---------- Source data ----------

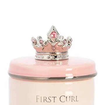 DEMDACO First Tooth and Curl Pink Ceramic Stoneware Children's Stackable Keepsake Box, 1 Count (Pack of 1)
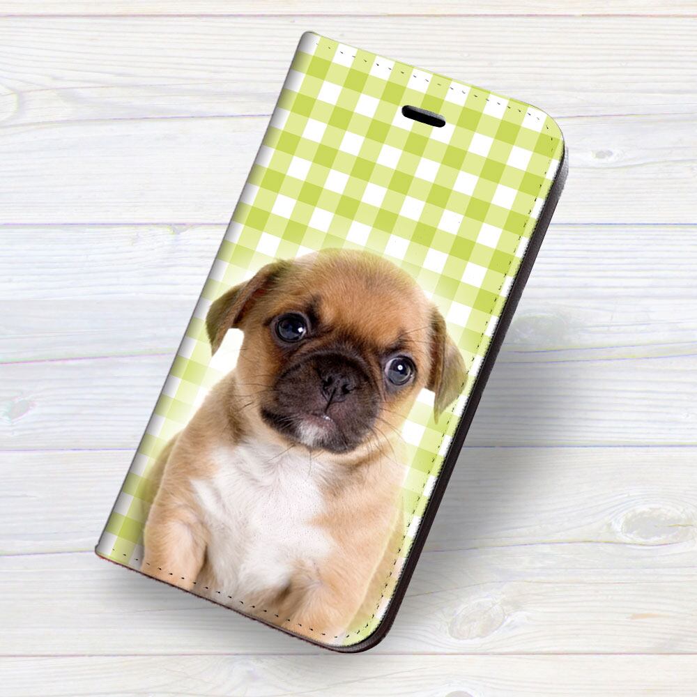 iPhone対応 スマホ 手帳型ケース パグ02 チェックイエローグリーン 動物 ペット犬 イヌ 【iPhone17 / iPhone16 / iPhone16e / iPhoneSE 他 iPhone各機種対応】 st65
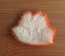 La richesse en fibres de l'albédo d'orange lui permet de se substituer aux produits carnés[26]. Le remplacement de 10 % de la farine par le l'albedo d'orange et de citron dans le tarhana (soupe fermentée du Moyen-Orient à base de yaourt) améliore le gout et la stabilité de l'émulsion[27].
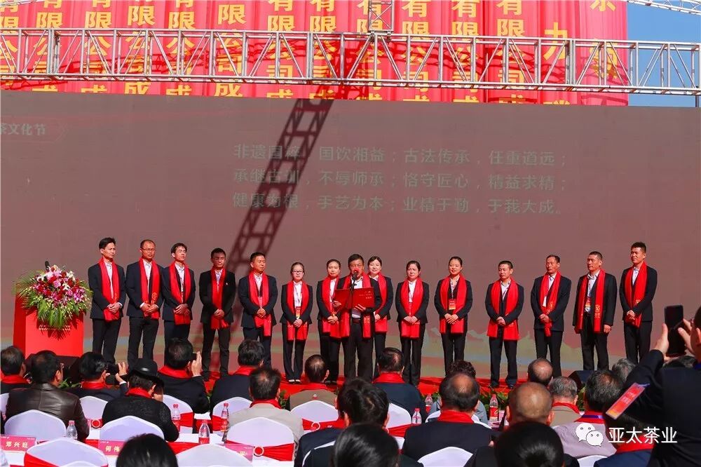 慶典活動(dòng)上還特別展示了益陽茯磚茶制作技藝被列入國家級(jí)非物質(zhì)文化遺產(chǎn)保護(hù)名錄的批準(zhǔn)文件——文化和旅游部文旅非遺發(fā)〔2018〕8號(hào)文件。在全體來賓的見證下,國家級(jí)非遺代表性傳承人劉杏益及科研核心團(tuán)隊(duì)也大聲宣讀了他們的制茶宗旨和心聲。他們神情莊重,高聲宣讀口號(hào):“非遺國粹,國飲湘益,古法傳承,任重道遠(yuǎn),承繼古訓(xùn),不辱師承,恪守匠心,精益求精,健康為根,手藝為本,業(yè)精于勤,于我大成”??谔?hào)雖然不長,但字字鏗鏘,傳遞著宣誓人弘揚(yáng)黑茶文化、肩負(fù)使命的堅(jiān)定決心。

----------

Exercise details :: The lines running from the beginning of the listing above through the line that holds "iPhone対応 スマホ 手帳型ケース" are to be duplicated exactly, both ends kept, pictures omitted.

Exercise output ::
 DEMDACO First Tooth and Curl Pink Ceramic Stoneware Children's Stackable Keepsake Box, 1 Count (Pack of 1)
 iPhone対応 スマホ 手帳型ケース パグ02 チェックイエローグリーン 動物 ペット犬 イヌ 【iPhone17 / iPhone16 / iPhone16e / iPhoneSE 他 iPhone各機種対応】 st65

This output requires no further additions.